### MATERIAL FOR THIS EXERCISE
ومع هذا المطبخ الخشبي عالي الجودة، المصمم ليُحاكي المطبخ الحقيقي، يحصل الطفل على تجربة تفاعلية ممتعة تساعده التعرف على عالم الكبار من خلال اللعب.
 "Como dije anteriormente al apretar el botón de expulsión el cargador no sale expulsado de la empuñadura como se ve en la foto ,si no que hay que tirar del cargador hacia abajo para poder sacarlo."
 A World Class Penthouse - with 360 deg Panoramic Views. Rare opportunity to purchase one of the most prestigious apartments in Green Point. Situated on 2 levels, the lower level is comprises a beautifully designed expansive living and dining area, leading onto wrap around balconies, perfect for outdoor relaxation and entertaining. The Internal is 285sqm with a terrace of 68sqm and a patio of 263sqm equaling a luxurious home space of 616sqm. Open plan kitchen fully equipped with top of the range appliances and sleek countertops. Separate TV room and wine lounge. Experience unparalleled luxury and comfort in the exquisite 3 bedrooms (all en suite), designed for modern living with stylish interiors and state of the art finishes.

---

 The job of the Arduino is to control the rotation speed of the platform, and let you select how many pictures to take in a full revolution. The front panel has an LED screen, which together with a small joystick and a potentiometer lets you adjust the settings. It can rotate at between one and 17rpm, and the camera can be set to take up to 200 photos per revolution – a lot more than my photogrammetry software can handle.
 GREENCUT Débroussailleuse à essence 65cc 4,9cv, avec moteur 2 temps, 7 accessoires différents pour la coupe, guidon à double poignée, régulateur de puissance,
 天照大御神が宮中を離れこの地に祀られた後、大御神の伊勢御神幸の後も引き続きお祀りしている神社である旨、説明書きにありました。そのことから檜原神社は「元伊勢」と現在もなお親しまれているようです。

* * *

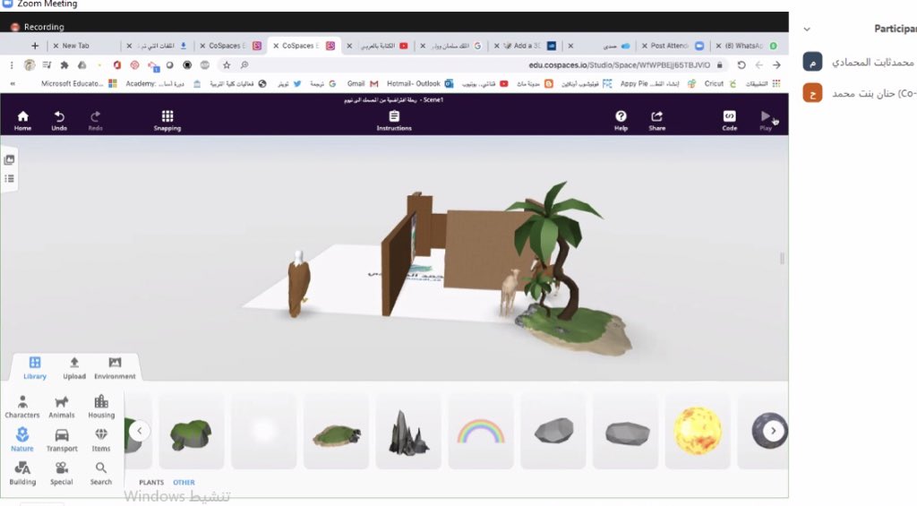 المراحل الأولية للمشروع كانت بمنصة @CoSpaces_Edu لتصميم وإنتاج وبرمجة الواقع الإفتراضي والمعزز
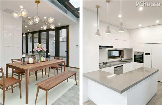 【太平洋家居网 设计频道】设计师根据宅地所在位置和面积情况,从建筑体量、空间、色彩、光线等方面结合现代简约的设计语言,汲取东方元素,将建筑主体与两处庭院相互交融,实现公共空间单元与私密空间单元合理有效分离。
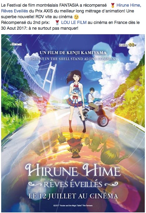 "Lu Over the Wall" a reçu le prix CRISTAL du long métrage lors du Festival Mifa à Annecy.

### THE PROBLEM
Retype exactly the lines above, from the one with "ومع هذا المطبخ" through the one with "dije anteriormente al", inclusive.

### OUTPUT
ومع هذا المطبخ الخشبي عالي الجودة، المصمم ليُحاكي المطبخ الحقيقي، يحصل الطفل على تجربة تفاعلية ممتعة تساعده التعرف على عالم الكبار من خلال اللعب.
 "Como dije anteriormente al apretar el botón de expulsión el cargador no sale expulsado de la empuñadura como se ve en la foto ,si no que hay que tirar del cargador hacia abajo para poder sacarlo."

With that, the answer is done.